1.3milion Brits including half a million children will be dragged below the poverty line despite Rishi Sunak‘s Spring Statement, devastating analysis says.
A typical working-age household will see their real income fall 4% next year - a loss of £1,100, the Resolution Foundation think tank said.
Absolute poverty - rather than relative poverty - is crucial because it is the measure Boris Johnson chooses to use.
In 2020 the PM controversially boasted poverty had fallen when relative poverty was up and absolute poverty was down.
It comes after the Budget watchdog said soaring inflation - expected to nudge 9% in a four-decade high - will inflict the biggest disposable income drop since records began in the 1950s.
And today the Foundation warned poorer Brits will be hit harder as the Tory Chancellor refused to raise benefits - which will rise at less than half inflation.
Meanwhile his £11bn in cuts to National Insurance and fuel duty will mostly benefit people in work.
Even with a 1p cut in income tax from 2024, seven out of eight workers will still be paying more tax overall by 2025, the overnight analysis found.
The experts said: “The scale and distribution of the cost of living squeeze, coupled with the lack of support for low-income families, means that a further 1.3 million people are set to fall into absolute poverty next year, including 500,000 children – the first time Britain has seen such a rise outside of recessions.”
Despite the tax cuts yesterday, the think tank said only those earning between £49,100 and £50,300 will actually pay less income tax in 2024-25.
And only those earning between £11,000 and £13,500 will pay less tax and National Insurance (NI).
Of the 31 million people in work, around 27 million (seven-in-eight workers) will pay more in income tax and NI in 2024-25, the think tank said.
By 2027 earnings will be £11,500 behind what they would have been if they had continued growing on the pre-2008 path.
Torsten Bell, Chief Executive of the Resolution Foundation, said: “In the face of a cost of living crisis that looks set to make this Parliament the worst on record for household incomes, the Chancellor came to the dispatch box yesterday promising support with the cost of living today, and tax cuts tomorrow.

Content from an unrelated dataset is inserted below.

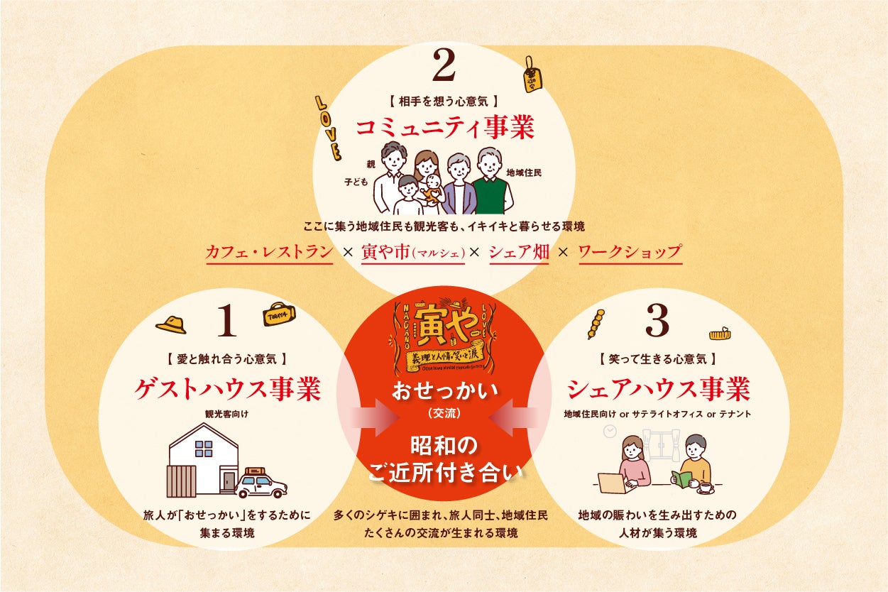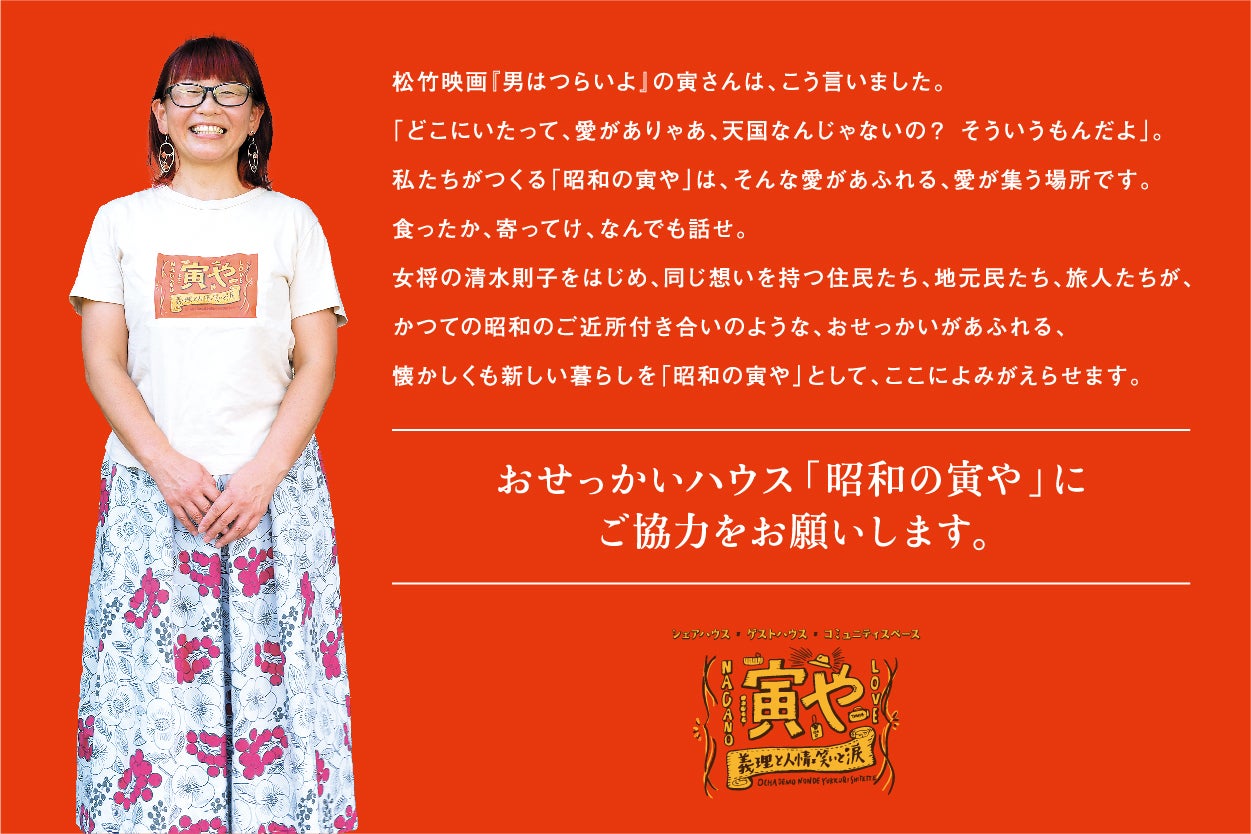 「寅や」を通じて、旅人も、地元の人も、みんながここに来て、人の温もりに触れて「今、幸せだ!」と思ってもらいたい。

Significant measures were announced on both counts, but the big picture is that policy does not measure up to the rhetoric.
“The decision not to target support at those hardest hit by rising prices will leave low-and-middle income households painfully exposed, with 1.3 million people, including half a million children, set to fall below the poverty line this coming year.

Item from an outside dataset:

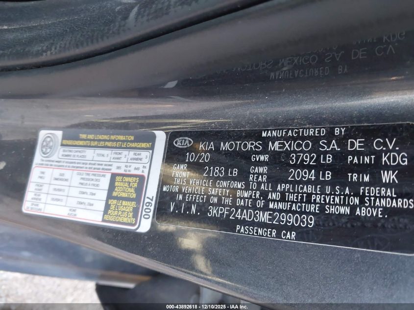2021 KIA FORTE - 3KPF24AD3ME299039, колір - Олов`яний, 2.0, Бензин, Передній привід із США

“And despite the eye-catching 1p cut to income tax, the reality is that the Chancellor’s tax changes mean that seven-in-eight workers will see their tax bills rise. Those tax rises mean the Chancellor is able to point to a swift fiscal consolidation and significant headroom against his fiscal rules.
“The big picture is that Rishi Sunak has prioritised rebuilding his tax-cutting credentials over supporting the low-to-middle income households who will be hardest hit from the surging cost of living, while also leaving himself fiscal flexibility in the years ahead. Whether that will be sustainable in the face of huge income falls to come remains to be seen.”
Office for Budget Responsibility watchdog chairman Richard Hughes said despite the measures announced by Rishi Sunak, people still face an "unprecedented" fall in living standards.
He told BBC Radio 4's Today programme: "So in total, they amount to about an £18 billion giveaway in this spring statement coming from the Chancellor.
"That offsets around a third of the overall hit to living standards that people would otherwise have felt had he not taken those measures, so without the Chancellor taking action, people would have felt a 3% fall in their living standards in the coming 12 months.
"That reduces it down to around 2%, but it's still an unprecedented fall in people's standard of living over the next 12 months".
Mr Hughes also said energy bills are "doubling" over the course of the year, rising by around 50% in April and another 40% in October.